• _EXERCISE_: What is needed is a word-for-word copy of the listing below, without pictures.

• _DATA BLOCK_:
=====
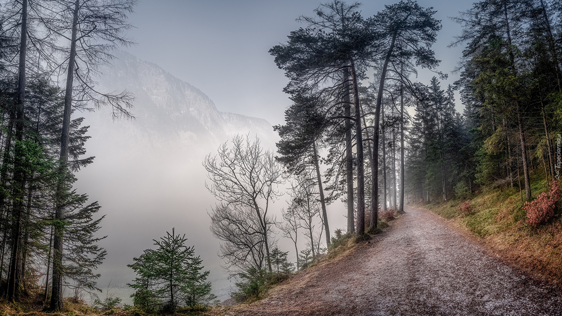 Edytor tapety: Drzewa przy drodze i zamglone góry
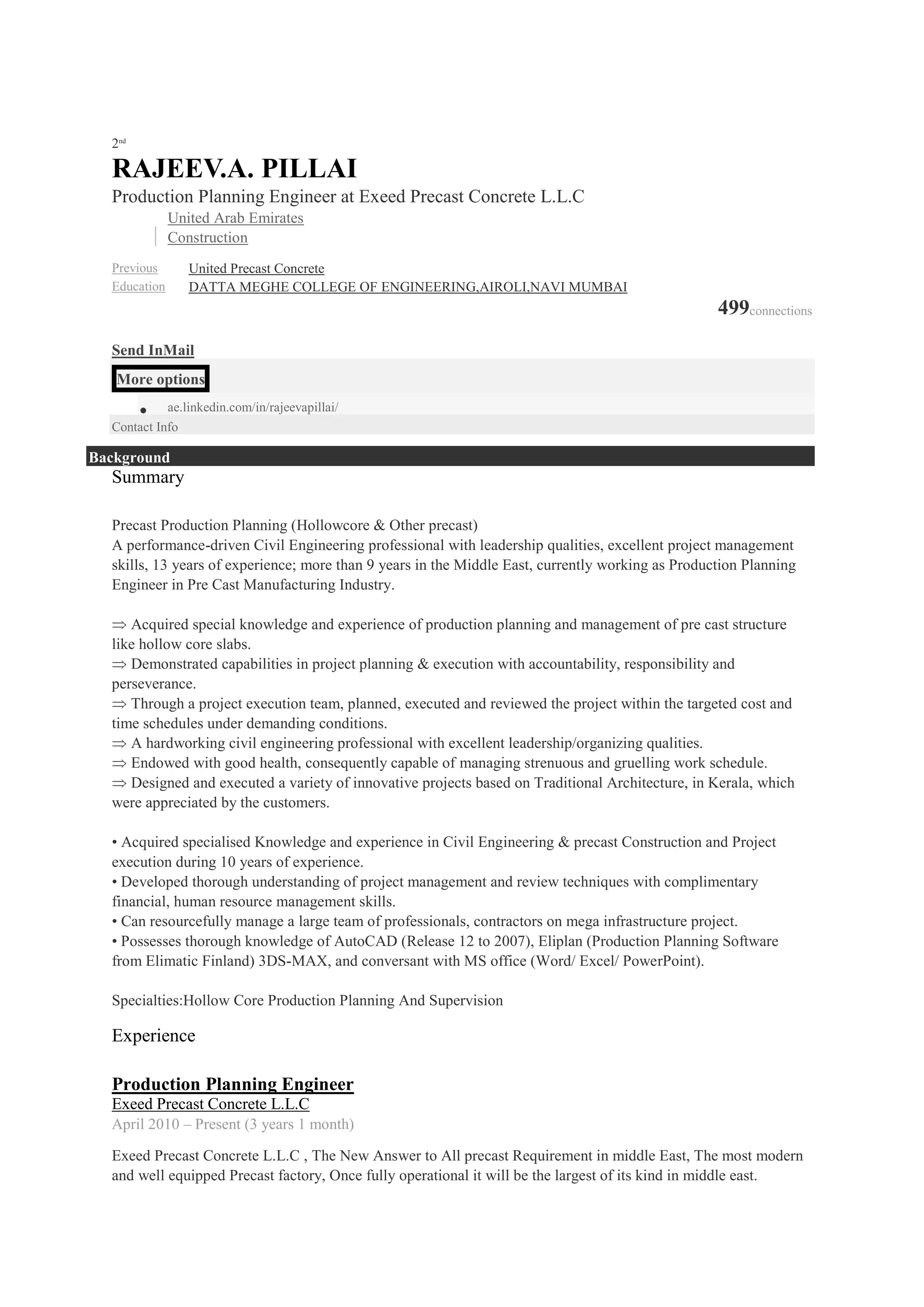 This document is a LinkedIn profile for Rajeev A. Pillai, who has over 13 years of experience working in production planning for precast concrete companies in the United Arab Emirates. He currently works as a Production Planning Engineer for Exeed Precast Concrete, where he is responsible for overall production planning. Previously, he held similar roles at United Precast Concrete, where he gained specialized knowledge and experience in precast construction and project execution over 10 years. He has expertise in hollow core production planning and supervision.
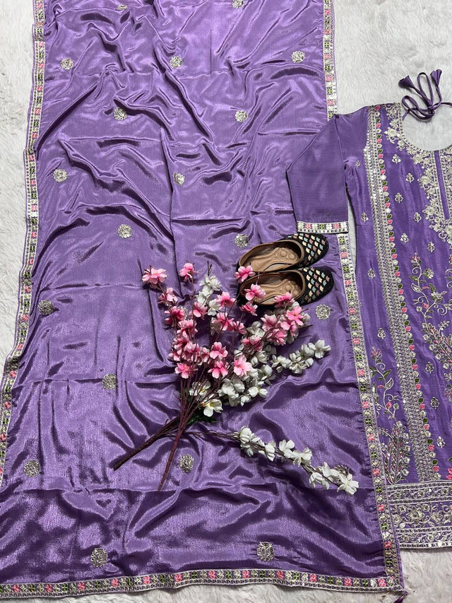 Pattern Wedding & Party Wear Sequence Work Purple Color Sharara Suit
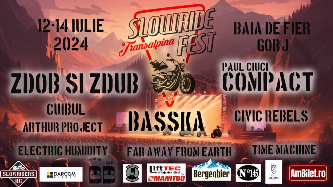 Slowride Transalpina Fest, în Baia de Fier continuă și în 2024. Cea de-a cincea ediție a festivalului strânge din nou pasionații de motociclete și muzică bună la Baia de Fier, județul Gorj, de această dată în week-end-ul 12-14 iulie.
=====
• _RESULT_:
 Edytor tapety: Drzewa przy drodze i zamglone góry
 This document is a LinkedIn profile for Rajeev A. Pillai, who has over 13 years of experience working in production planning for precast concrete companies in the United Arab Emirates. He currently works as a Production Planning Engineer for Exeed Precast Concrete, where he is responsible for overall production planning. Previously, he held similar roles at United Precast Concrete, where he gained specialized knowledge and experience in precast construction and project execution over 10 years. He has expertise in hollow core production planning and supervision.
 Pattern Wedding & Party Wear Sequence Work Purple Color Sharara Suit
 Slowride Transalpina Fest, în Baia de Fier continuă și în 2024. Cea de-a cincea ediție a festivalului strânge din nou pasionații de motociclete și muzică bună la Baia de Fier, județul Gorj, de această dată în week-end-ul 12-14 iulie.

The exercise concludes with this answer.